**Goal of the exercise**
Starting with the line that has "The sawtooth pattern" in the records below and ending with the line that has "在對(duì)白馬8井氣田水", output those lines exactly and nothing more; omit the pictures.

**Record set**
--- --- ---

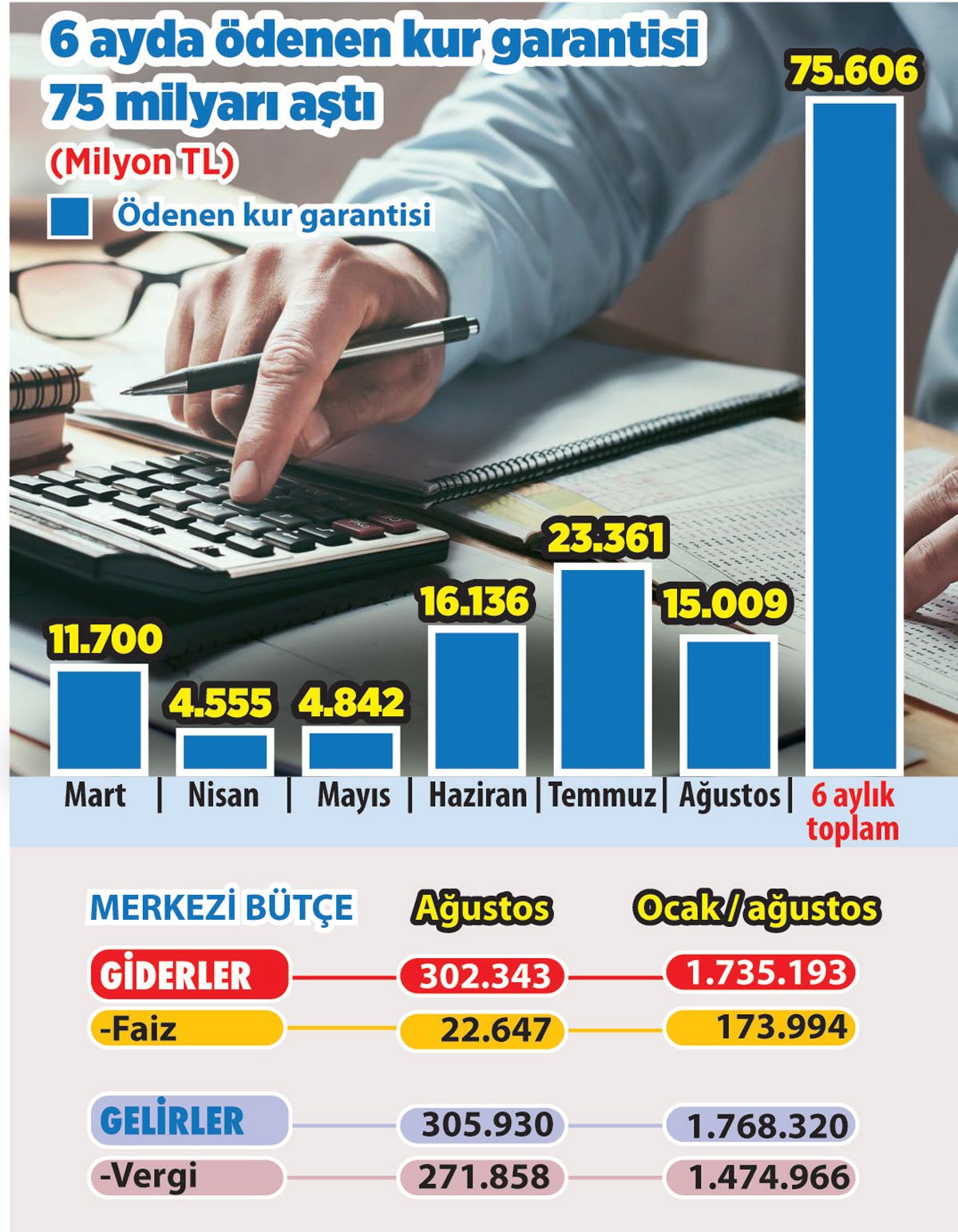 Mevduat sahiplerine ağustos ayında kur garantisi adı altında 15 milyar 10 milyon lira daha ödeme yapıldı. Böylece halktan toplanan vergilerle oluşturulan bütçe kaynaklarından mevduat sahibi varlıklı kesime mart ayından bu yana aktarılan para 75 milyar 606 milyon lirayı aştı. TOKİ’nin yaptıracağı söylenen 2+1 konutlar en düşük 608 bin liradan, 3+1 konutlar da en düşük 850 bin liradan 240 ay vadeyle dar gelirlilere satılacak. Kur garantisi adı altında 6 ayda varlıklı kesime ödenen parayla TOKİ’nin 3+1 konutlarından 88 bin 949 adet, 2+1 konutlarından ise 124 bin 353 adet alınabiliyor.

--- --- ---

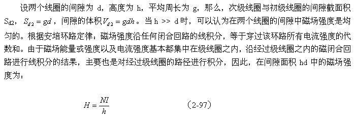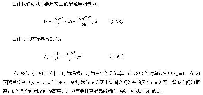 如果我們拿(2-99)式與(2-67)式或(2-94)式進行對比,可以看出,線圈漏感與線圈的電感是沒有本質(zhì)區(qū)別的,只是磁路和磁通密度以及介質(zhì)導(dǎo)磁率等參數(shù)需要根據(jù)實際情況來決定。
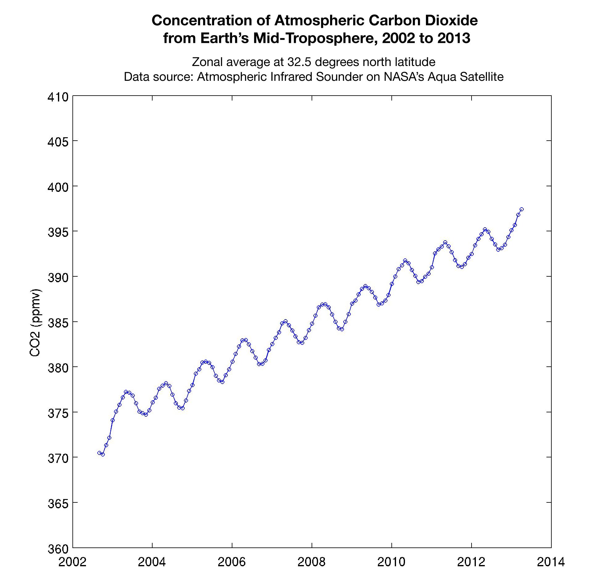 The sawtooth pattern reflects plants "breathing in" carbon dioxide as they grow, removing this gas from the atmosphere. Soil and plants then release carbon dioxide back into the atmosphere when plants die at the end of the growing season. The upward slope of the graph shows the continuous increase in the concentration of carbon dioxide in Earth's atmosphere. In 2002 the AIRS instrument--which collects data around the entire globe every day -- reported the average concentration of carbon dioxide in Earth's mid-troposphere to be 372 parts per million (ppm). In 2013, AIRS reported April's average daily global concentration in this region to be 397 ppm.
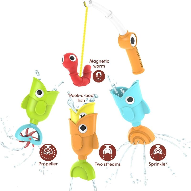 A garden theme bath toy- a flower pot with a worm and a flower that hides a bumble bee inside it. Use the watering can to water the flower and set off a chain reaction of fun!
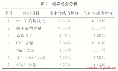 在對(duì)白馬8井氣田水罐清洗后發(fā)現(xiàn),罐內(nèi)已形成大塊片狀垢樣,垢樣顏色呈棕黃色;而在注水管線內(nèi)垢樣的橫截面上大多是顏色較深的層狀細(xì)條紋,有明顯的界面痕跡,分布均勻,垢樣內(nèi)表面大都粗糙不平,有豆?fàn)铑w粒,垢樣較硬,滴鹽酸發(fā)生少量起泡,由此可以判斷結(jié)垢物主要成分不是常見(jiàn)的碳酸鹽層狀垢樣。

--- --- ---

**Your response**
 The sawtooth pattern reflects plants "breathing in" carbon dioxide as they grow, removing this gas from the atmosphere. Soil and plants then release carbon dioxide back into the atmosphere when plants die at the end of the growing season. The upward slope of the graph shows the continuous increase in the concentration of carbon dioxide in Earth's atmosphere. In 2002 the AIRS instrument--which collects data around the entire globe every day -- reported the average concentration of carbon dioxide in Earth's mid-troposphere to be 372 parts per million (ppm). In 2013, AIRS reported April's average daily global concentration in this region to be 397 ppm.
 A garden theme bath toy- a flower pot with a worm and a flower that hides a bumble bee inside it. Use the watering can to water the flower and set off a chain reaction of fun!
 在對(duì)白馬8井氣田水罐清洗后發(fā)現(xiàn),罐內(nèi)已形成大塊片狀垢樣,垢樣顏色呈棕黃色;而在注水管線內(nèi)垢樣的橫截面上大多是顏色較深的層狀細(xì)條紋,有明顯的界面痕跡,分布均勻,垢樣內(nèi)表面大都粗糙不平,有豆?fàn)铑w粒,垢樣較硬,滴鹽酸發(fā)生少量起泡,由此可以判斷結(jié)垢物主要成分不是常見(jiàn)的碳酸鹽層狀垢樣。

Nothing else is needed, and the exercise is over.